Carer who stole £3,000 from vulnerable man gets sentence cut
A care who systematically stole more than £3,000 from a vulnerable man he was looking after has had his ‘excessive’ prison term slashed by judges after appealing his original sentence.
Cheru Dakari Allen, aged 26, had never been in trouble with police but turned to crime after running up debts due to a cocaine addiction.
Over 10 months in 2015 and 2016, he repeatedly took money from the account of a 35-year-old man with learning difficulties.
He was rumbled when it was spotted some of the withdrawals had been made in the evening, when in fact it was known the victim did not go out alone after 6pm.
When quizzed by police, Allen, of Dabchick Grove, Walsall, admitted what he had done and pleaded guilty to theft.
Inquiries revealed Allen regularly took around £150-a-time in rogue transactions using the man’s bank card and PIN number, either making an entry in the official log
He put his offending down to his cocaine habit and said he was deeply sorry for what he had done.
He was sentenced to 20 months’ jail at Wolverhampton Crown Court last month.
Judge Barry Berlin, who heard Allen’s drug habit was costing him £150 a day, told him: “You had a cocaine habit and set out to steal in an utterly wicked and systematic way.
“This greed was a grotesque breach of trust.”
But Allen saw his 20-month sentence reduced to 14 months by top judges in London on Thursday.

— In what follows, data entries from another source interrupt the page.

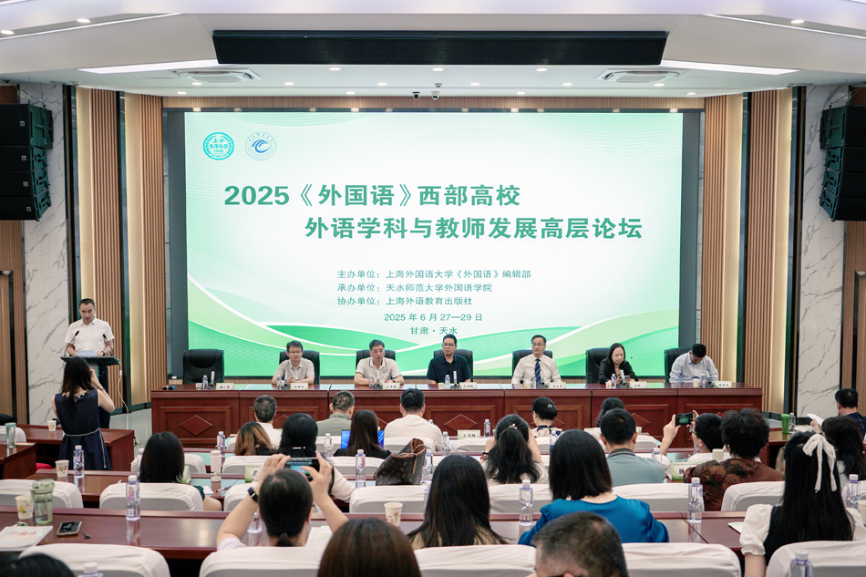6月27日至29日,2025《外国语》西部高校外语学科与教师发展高层论坛在我校举行。本次论坛以“教育强国,外语何为”为主题,旨在探讨面向教育强国目标,外语有关学科和外语教育如何作为,如何应对机遇与挑战并存的国际形势和人工智能技术的快速发展,如何实现外语教育生态系统的转变等。论坛由上海外国语大学《外国语》编辑部主办,天水师范大学外国语学院承办,上海外语教育出版社协办。天水师范大学党委常委、副校长左国防,《外国语》主编束定芳教授出席论坛开幕式。开幕式由天水师范大学外国语学院院长杨江锋主持。
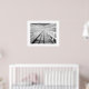 Poster é mostrado com um impressão de foto preto e branco de uma doca de passeio de praia. Personalize este item ou comprar como está. Imagem do stock
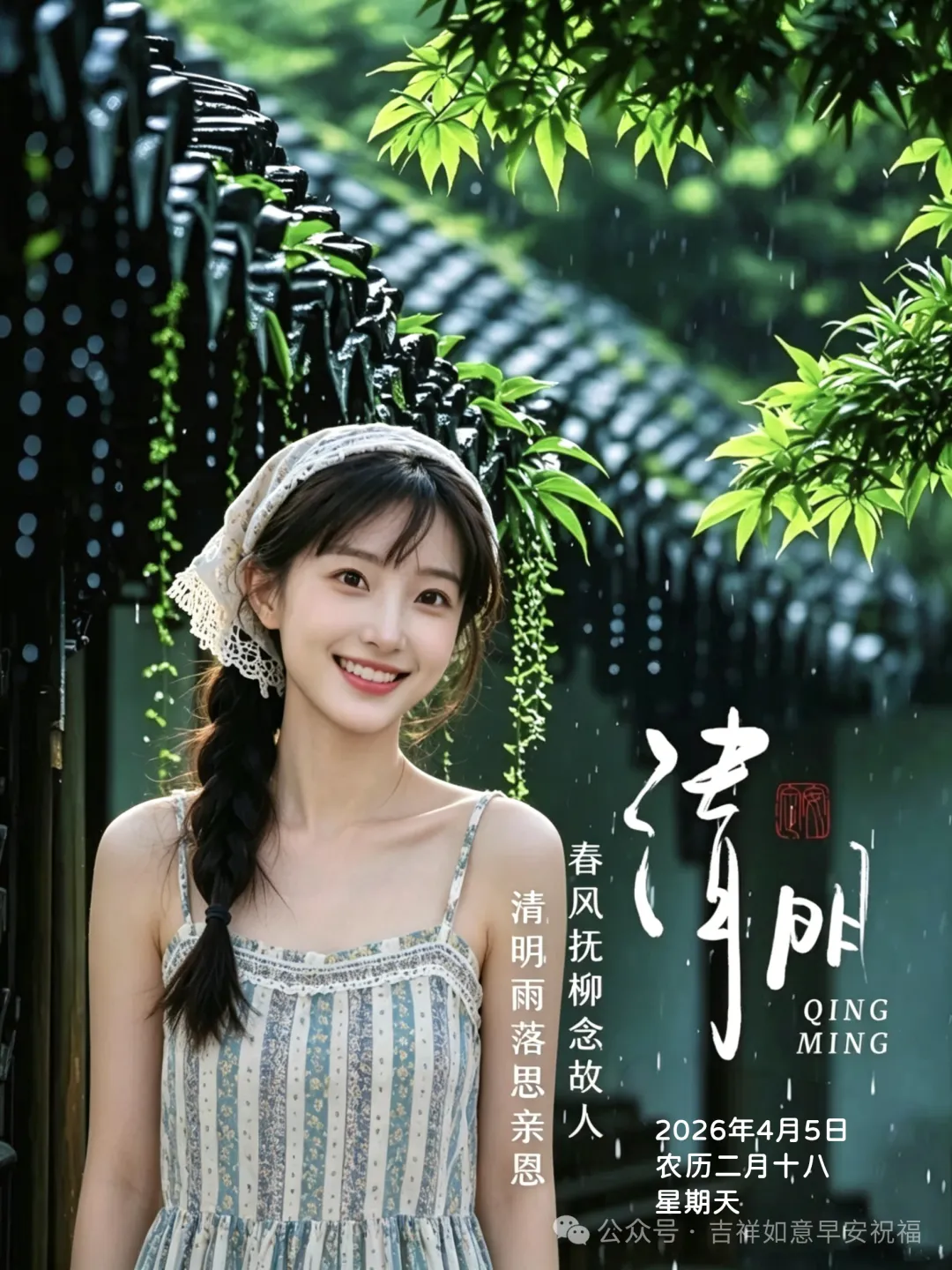 那飘飘的雨丝淅沥淅沥,那夏前的鸣蝉低唱不休,那雨后的青草气味弥漫,那遍野的映山红争相开放。又是一年清明来到,送你问候,愿你顺遂。
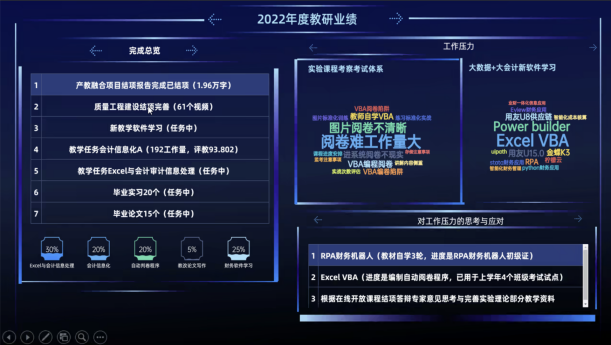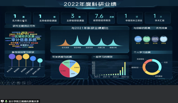会计学院教师代表王婧婧以大数据的形式向大家分享了其2022年度的科研及教研工作亮点。她表示在新的征程上,我们要不断加强学习和实践,始终保持一往无前的奋斗姿态和永不懈怠的精神状态,才能不负学校、学院、学生,不负机遇和未来。科研处袁毅副处长对于会计专硕建设已取得的成果表示祝贺,同时也表示科研处将不遗余力的支持。
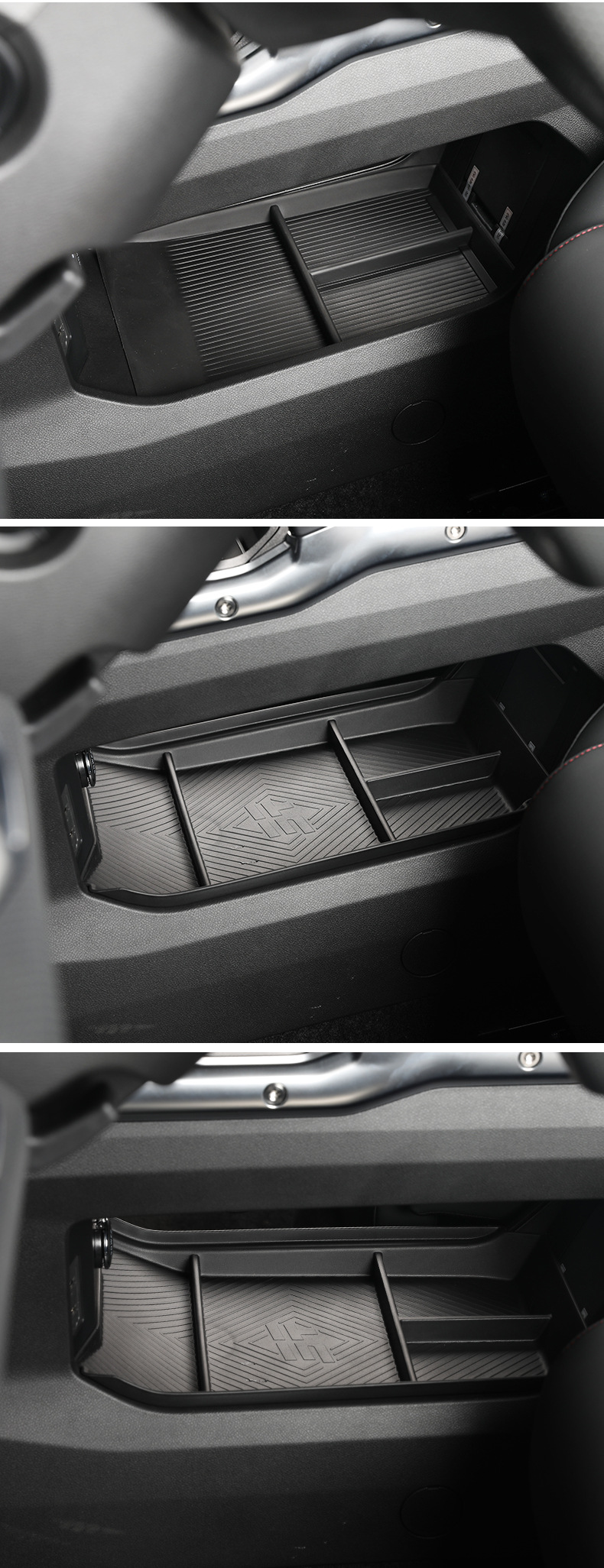 - Non-Slip Liners: Equipped with removable rubber mats that prevent items from sliding or rattling while driving on rough terrain.

His lawyers told the Court of Appeal that Allen had made great strides in the two years between arrest and sentencing to change his life.
He had beaten his drug addiction and found new work, Lord Justice Simon, Mrs Justice Carr and Judge Mark Brown were told.
Ruling on the case, Lord Justice Simon said the theft was particularly serious because it was committed by a carer.
“It was a theft by someone who was trusted to care for a vulnerable client and abused that trust,” he said.
“It is the type of crime that undermines trust in those who give devoted care to vulnerable people.
“It may also result in suspicion being cast on those who are entirely innocent.”
However, he said the crown court judge had gone too far in sentencing a man of good character who had shown ‘clear remorse’ to 20 months.
“With full credit for guilty plea, the sentence should have been one of 14 months’ immediate imprisonment,” he concluded.